Detecting vibrato required tracking pitch variations over time:

struct VibratoAnalysis {
    let rate: Float      // Oscillations per second (typically 5-7 Hz)
    let extent: Float    // Pitch variation in semitones
    let consistency: Float // How regular the oscillation is
}
func analyzeVibrato(pitchHistory: [Float]) -> VibratoAnalysis {     // Apply FFT to pitch history to find oscillation frequency     // Peak in 4-8 Hz range indicates vibrato     // ... }

Strain Detection

This was tricky.
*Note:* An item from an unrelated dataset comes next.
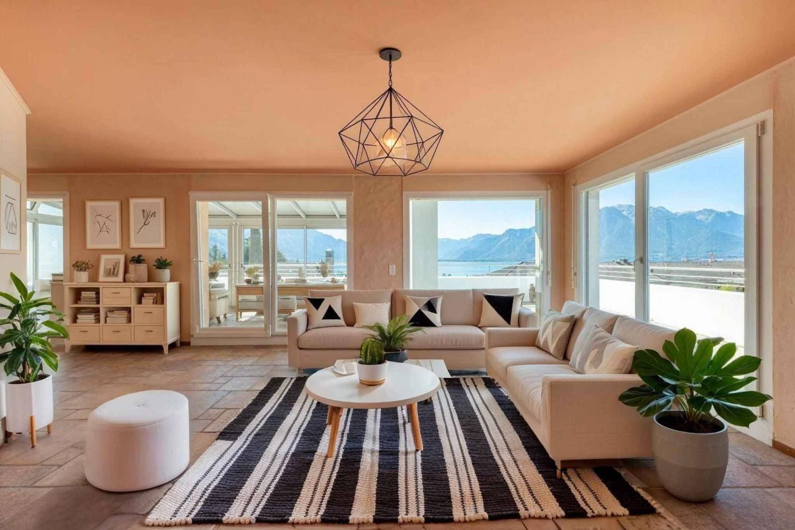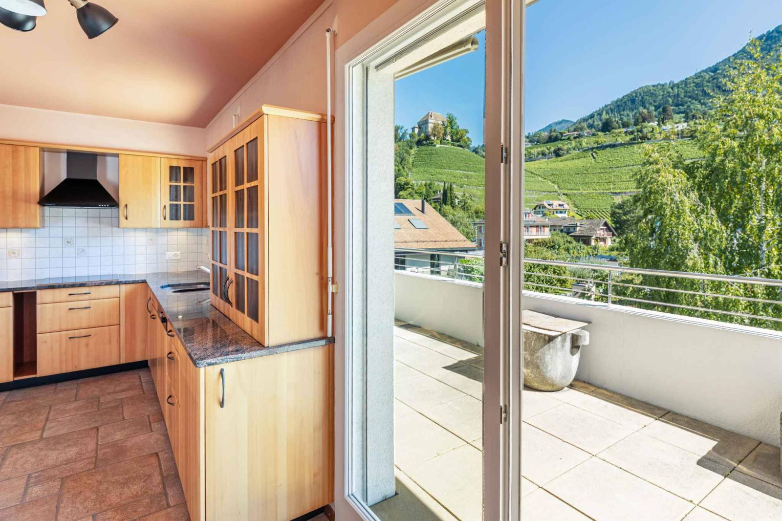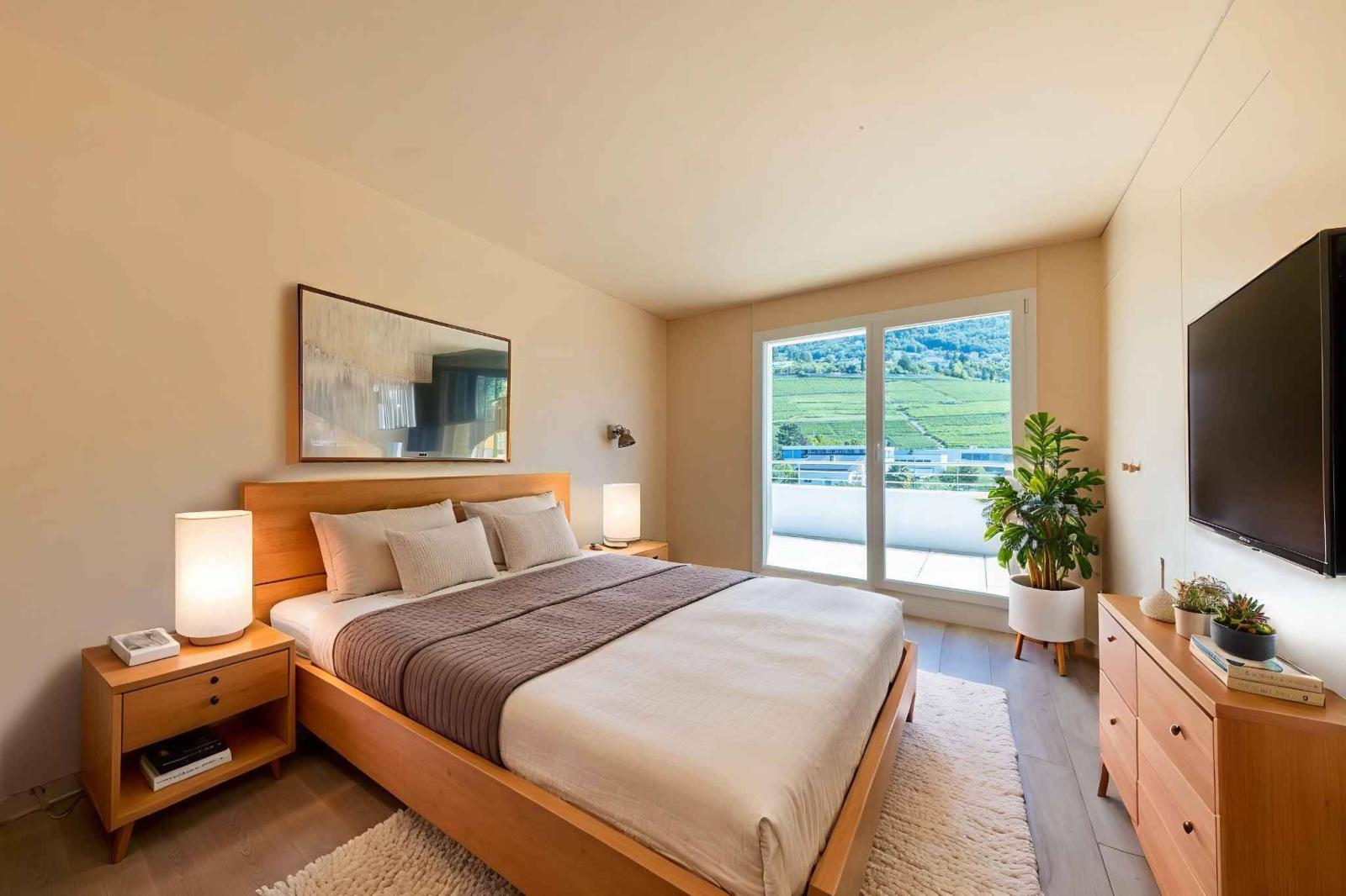 L'appartamento dispone di una straordinaria terrazza a 360 gradi di quasi 130 m², che offre una vista panoramica mozzafiato sul Lago di Ginevra, sui vigneti circostanti e sulle Alpi.

Vocal strain manifests as:

Increased noise in the signal (higher HNR - Harmonic-to-Noise Ratio)
Pitch instability
Tightening of the formants

I combined these signals into a strain score:

func detectStrain(buffer: AVAudioPCMBuffer, pitch: Float) -> Float {
    let hnr = calculateHNR(buffer)
    let jitter = calculatePitchJitter(recentPitches)
    let shimmer = calculateAmplitudeShimmer(buffer)
// Weighted combination     let strainScore = (1 - hnr) * 0.4 + jitter * 0.3 + shimmer * 0.3     return min(1.0, max(0.0, strainScore)) }

The 40+ Exercises

Each exercise was designed with specific goals:

Breathing exercises - Foundation of good vocal technique

Diaphragmatic breathing (belly expansion, not chest)
Breath stamina (sustained exhale)
Rib cage expansion

Warm-ups - Prepare the voice safely

Lip trills (reduces tension)
Humming (engages resonance)
Sirens (smooth transitions)

Strength training - Build power and control

Messa di voce (soft → loud → soft)
Sustained notes at different volumes
Power bursts

Flexibility - Expand range and agility

Scales and arpeggios
Octave jumps
Quick pitch changes

Challenges Faced

Background Audio

Users wanted to practice while playing backing tracks. Implementing proper audio session management for simultaneous playback and recording was complex:

let audioSession = AVAudioSession.sharedInstance()
try audioSession.setCategory(.playAndRecord,
                             mode: .measurement,
                             options: [.defaultToSpeaker, .allowBluetooth])
try audioSession.setActive(true)

Latency

Users are sensitive to latency when hearing their own voice. I minimized it by:

Using the smallest viable buffer size (256 samples)
Processing on a high-priority audio thread
Avoiding any UI updates in the audio callback

Different Voice Types

A baritone and soprano have very different frequency ranges. The app detects voice type during onboarding and adjusts all exercises accordingly.

Business Model

I chose freemium:

Free: Basic exercises, limited analysis
Premium: Full exercise library, advanced analytics, progress tracking

Weekly and annual subscription options. Annual converts better for retention.

Results

Since launch:

5-star ratings from real users
Positive feedback from vocal coaches who recommend it
Growing user base

The most rewarding feedback: "I used to hate my voice. Now I actually enjoy speaking."

What's Next

Currently working on:

Song practice mode (sing along with pitch guidance)
Duet recording features
More specialized exercise packs (public speaking, singing genres)

Building Vocalio taught me that the best apps solve real problems with technical excellence. Audio processing is hard, but when you get it right, users notice.